_Exercise description_
Reproduce, without alteration, every line of the data; exclude the images.

_Data segment_
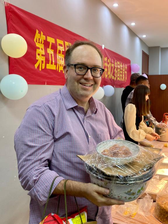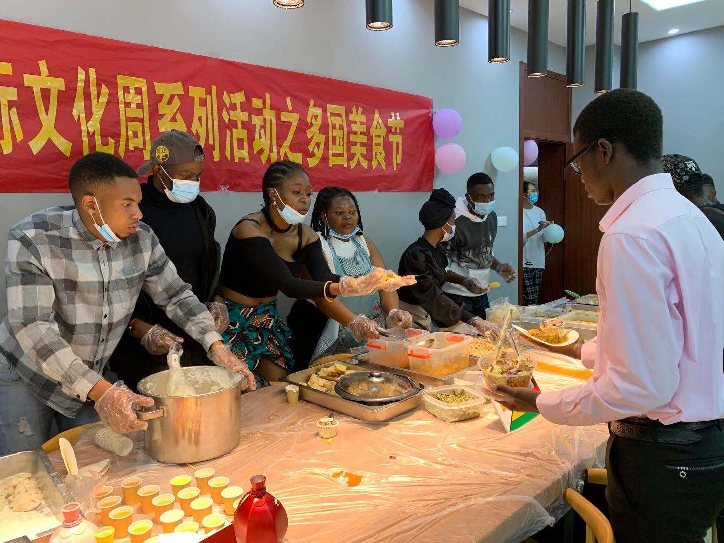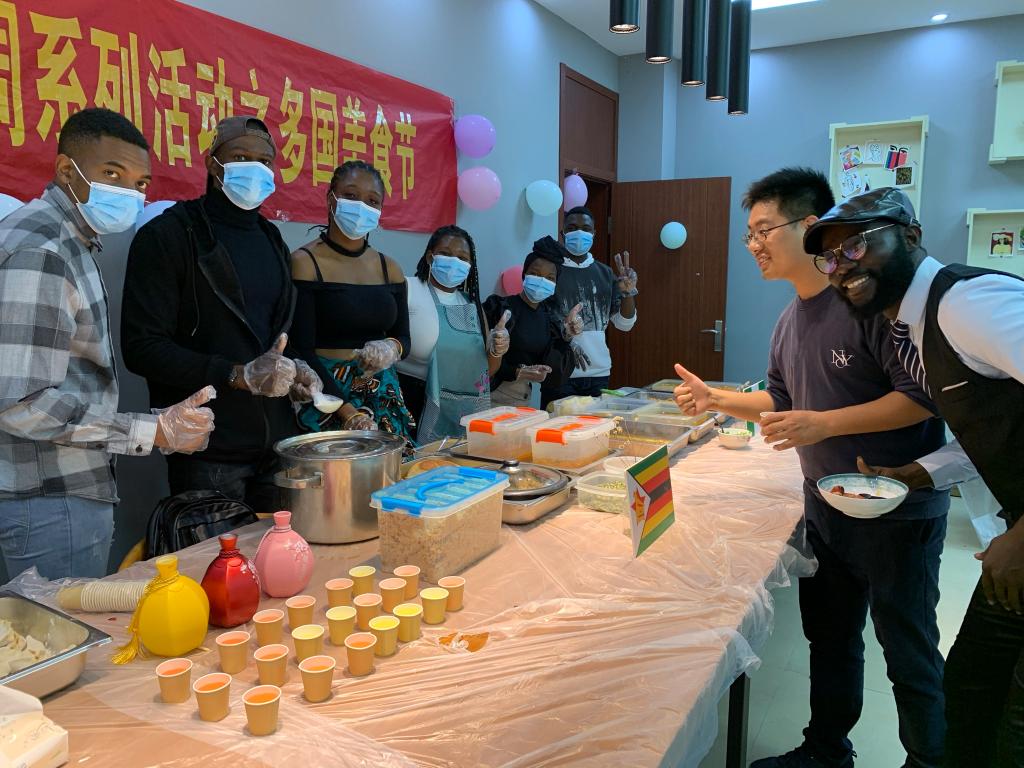 活动现场有来自中外多国的多种菜品,如饺子、意大利面、韩式拌饭、日本寿司、美式薯条、芝士通心粉等品类丰富的食物供师生选择。并且,今年还有来自津巴布韦、尼日利亚、赞比亚等国的6名国际学生奉上自己国家的特色美食,他们自己亲手选材制作,并在美食节上分享给所有中外师生。来自津巴布韦的MASHIRI REJOICE SHYLINE同学说,“温大有来自不同国家的老师和学生,我想在今天利用这个机会向他们展示我们津巴布韦的美食,让他们尝一尝来自津巴布韦食物的味道。同时我也有此机会品尝来自尼日利亚等不同国家的食物,这让我感觉就像在家里一样。所以我觉得这是一个很好的活动,我很开心,我希望学校能继续举办这样的活动,让我们思乡的心情有所缓解。”来自美国的外教TRENTON GLORE也主动提出想要分享美国的特色食物,他在自己家制作好之后专门带到美食节活动现场分享他的手艺,他说自己很想把在美国最受欢迎的美食分享给大家,让大家常常“幸福的”味道。
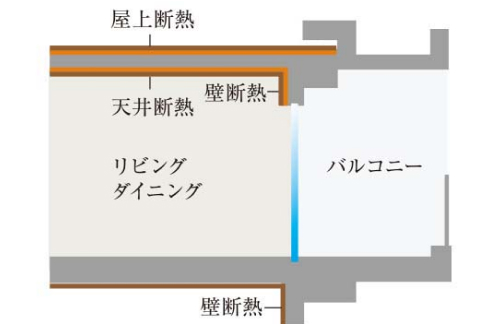 より快適な住空間を実現するために、屋上は外断熱、住戸内は外気に接するコンクリート躯体の室内側と天井内の床コンクリート下全面に断熱材を施しています(一部住戸除く)。屋上・壁・天井の断熱性を高めることで、外の熱気や冷気から快適な室内環境を守り、結露抑止効果を高めています。
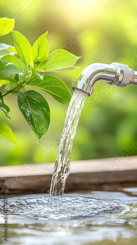 Fresh water flowing from a tap into a wooden basin, surrounded by lush green foliage . AI generative
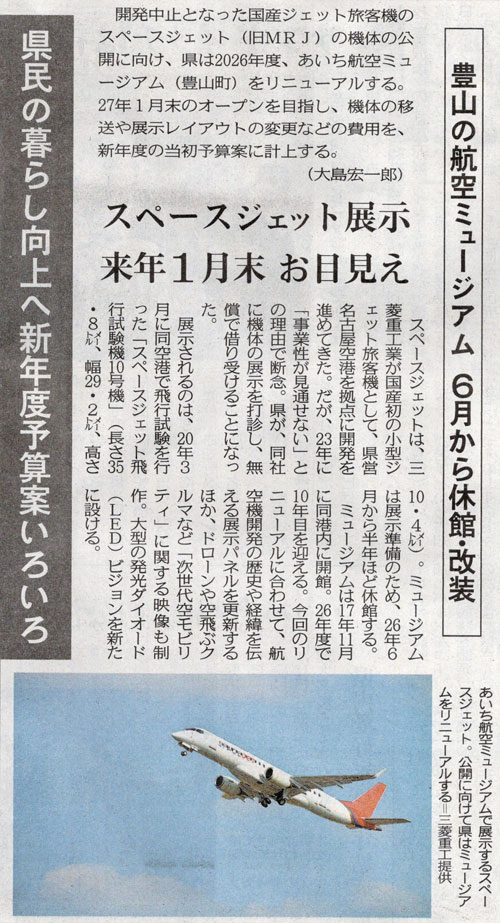 中日新聞1月5日朝刊、愛知県は2026年度、あいち航空ミュージアム(豊山町)をリニューアルする。27年1月末のオープンを目指し、機体の移送や展示レイアウトの変更などの費用を、新年度の当初予算案に計上。 |

_Answer space_
 活动现场有来自中外多国的多种菜品,如饺子、意大利面、韩式拌饭、日本寿司、美式薯条、芝士通心粉等品类丰富的食物供师生选择。并且,今年还有来自津巴布韦、尼日利亚、赞比亚等国的6名国际学生奉上自己国家的特色美食,他们自己亲手选材制作,并在美食节上分享给所有中外师生。来自津巴布韦的MASHIRI REJOICE SHYLINE同学说,“温大有来自不同国家的老师和学生,我想在今天利用这个机会向他们展示我们津巴布韦的美食,让他们尝一尝来自津巴布韦食物的味道。同时我也有此机会品尝来自尼日利亚等不同国家的食物,这让我感觉就像在家里一样。所以我觉得这是一个很好的活动,我很开心,我希望学校能继续举办这样的活动,让我们思乡的心情有所缓解。”来自美国的外教TRENTON GLORE也主动提出想要分享美国的特色食物,他在自己家制作好之后专门带到美食节活动现场分享他的手艺,他说自己很想把在美国最受欢迎的美食分享给大家,让大家常常“幸福的”味道。
 より快適な住空間を実現するために、屋上は外断熱、住戸内は外気に接するコンクリート躯体の室内側と天井内の床コンクリート下全面に断熱材を施しています(一部住戸除く)。屋上・壁・天井の断熱性を高めることで、外の熱気や冷気から快適な室内環境を守り、結露抑止効果を高めています。
 Fresh water flowing from a tap into a wooden basin, surrounded by lush green foliage . AI generative
 中日新聞1月5日朝刊、愛知県は2026年度、あいち航空ミュージアム(豊山町)をリニューアルする。27年1月末のオープンを目指し、機体の移送や展示レイアウトの変更などの費用を、新年度の当初予算案に計上。 |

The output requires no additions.